## [Exercise aim]
Reproduce exactly the run of lines that begins with the one containing "The Department of" and ends with the last line of the records, omitting pictures.

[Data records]
····················
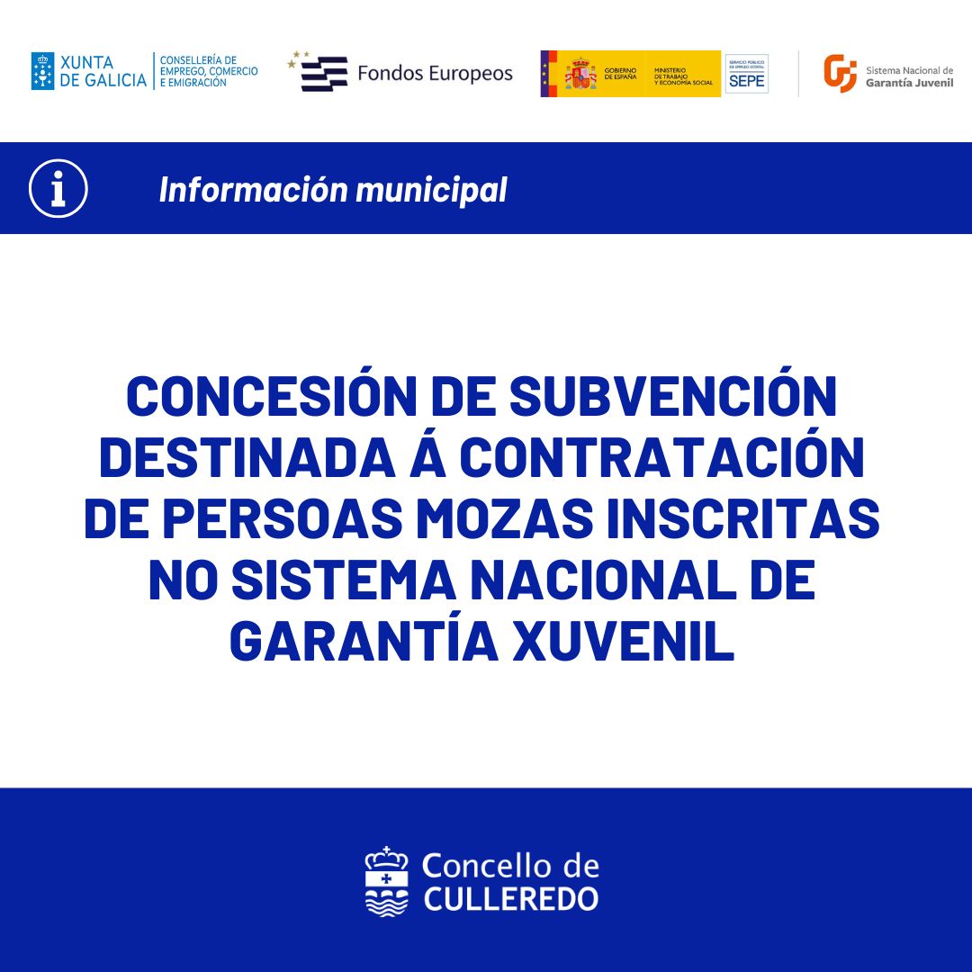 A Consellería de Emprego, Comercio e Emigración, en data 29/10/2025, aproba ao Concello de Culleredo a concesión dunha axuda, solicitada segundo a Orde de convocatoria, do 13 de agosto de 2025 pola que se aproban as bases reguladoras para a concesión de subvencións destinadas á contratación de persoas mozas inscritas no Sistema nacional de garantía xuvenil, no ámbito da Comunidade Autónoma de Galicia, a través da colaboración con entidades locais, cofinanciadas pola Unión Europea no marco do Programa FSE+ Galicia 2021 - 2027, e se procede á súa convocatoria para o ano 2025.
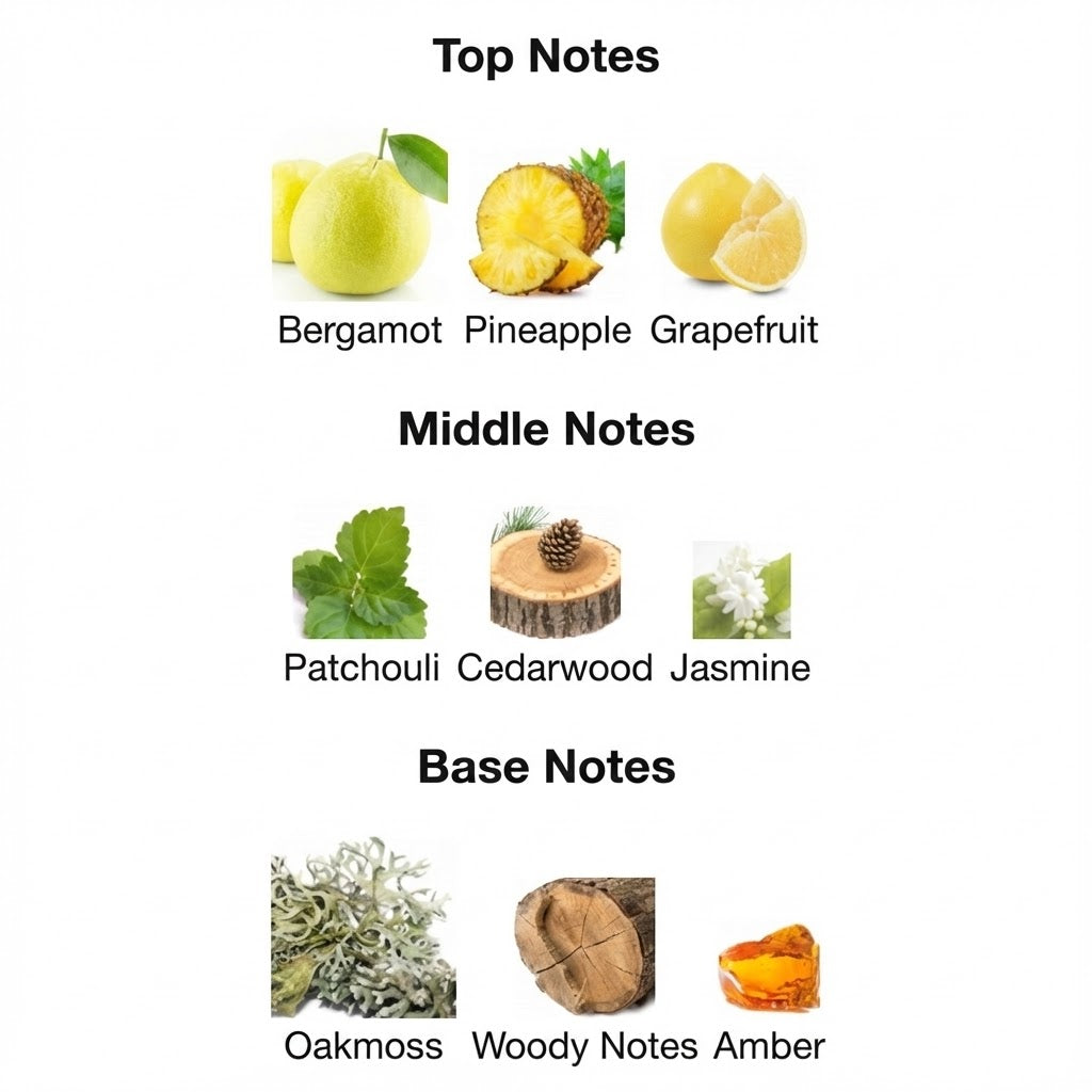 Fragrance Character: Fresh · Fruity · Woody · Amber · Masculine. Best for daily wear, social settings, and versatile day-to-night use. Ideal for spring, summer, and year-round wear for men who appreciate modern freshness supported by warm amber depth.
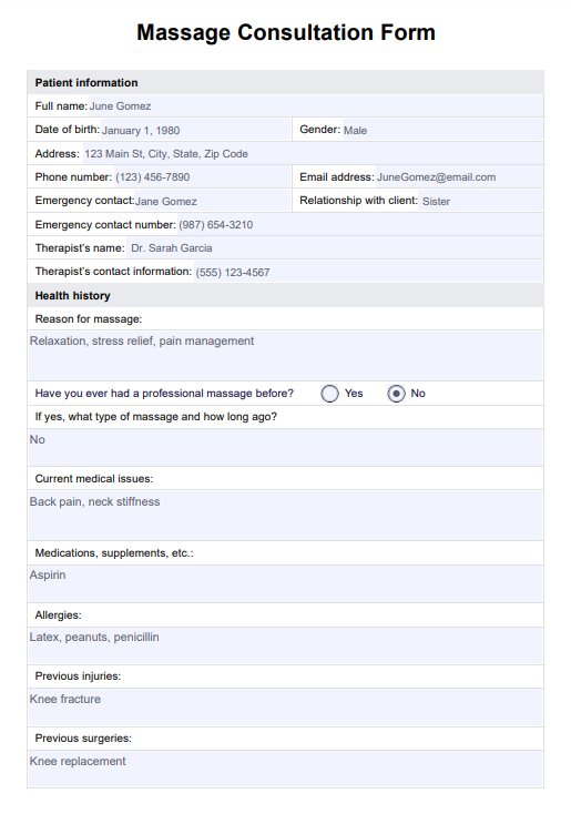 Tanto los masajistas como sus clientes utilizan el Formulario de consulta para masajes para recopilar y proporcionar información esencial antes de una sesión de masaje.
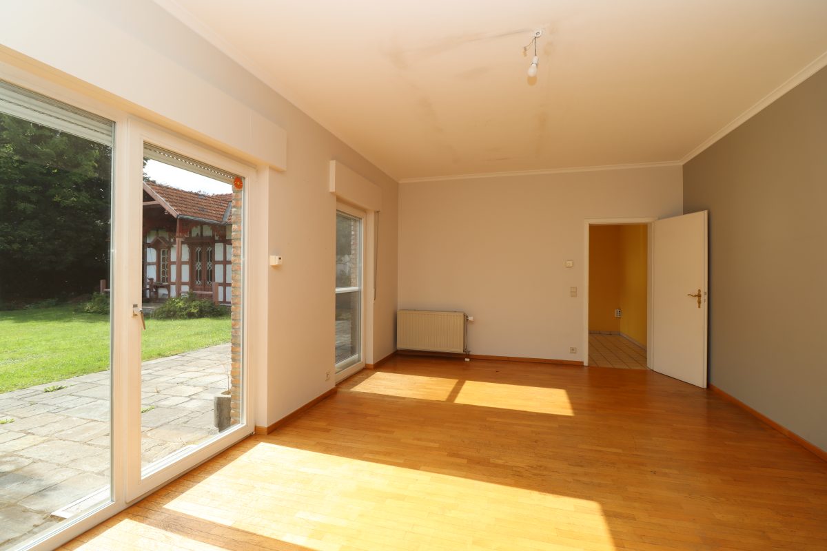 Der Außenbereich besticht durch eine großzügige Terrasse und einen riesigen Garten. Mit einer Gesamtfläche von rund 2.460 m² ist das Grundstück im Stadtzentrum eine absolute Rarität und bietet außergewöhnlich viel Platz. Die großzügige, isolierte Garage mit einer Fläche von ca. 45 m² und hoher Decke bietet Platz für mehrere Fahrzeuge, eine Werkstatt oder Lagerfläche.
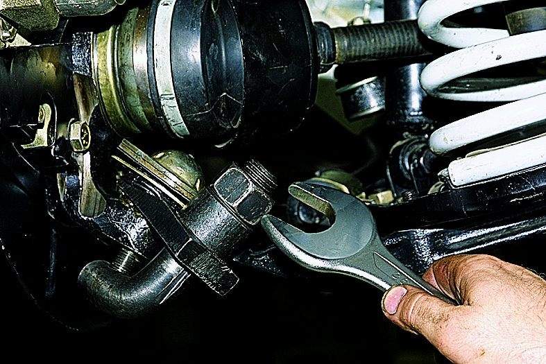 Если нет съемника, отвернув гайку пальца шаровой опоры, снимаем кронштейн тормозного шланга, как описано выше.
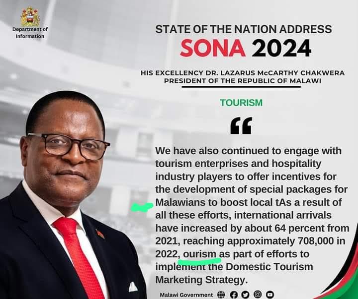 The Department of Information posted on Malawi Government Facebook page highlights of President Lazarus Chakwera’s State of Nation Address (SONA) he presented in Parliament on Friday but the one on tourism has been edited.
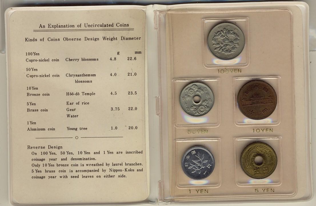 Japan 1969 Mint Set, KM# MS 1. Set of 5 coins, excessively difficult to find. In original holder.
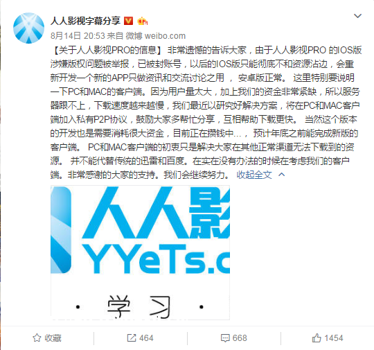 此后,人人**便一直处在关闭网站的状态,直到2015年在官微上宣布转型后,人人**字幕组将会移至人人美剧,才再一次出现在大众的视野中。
····················
## [Exercise output]
 The Department of Information posted on Malawi Government Facebook page highlights of President Lazarus Chakwera’s State of Nation Address (SONA) he presented in Parliament on Friday but the one on tourism has been edited.
 Japan 1969 Mint Set, KM# MS 1. Set of 5 coins, excessively difficult to find. In original holder.
 此后,人人**便一直处在关闭网站的状态,直到2015年在官微上宣布转型后,人人**字幕组将会移至人人美剧,才再一次出现在大众的视野中。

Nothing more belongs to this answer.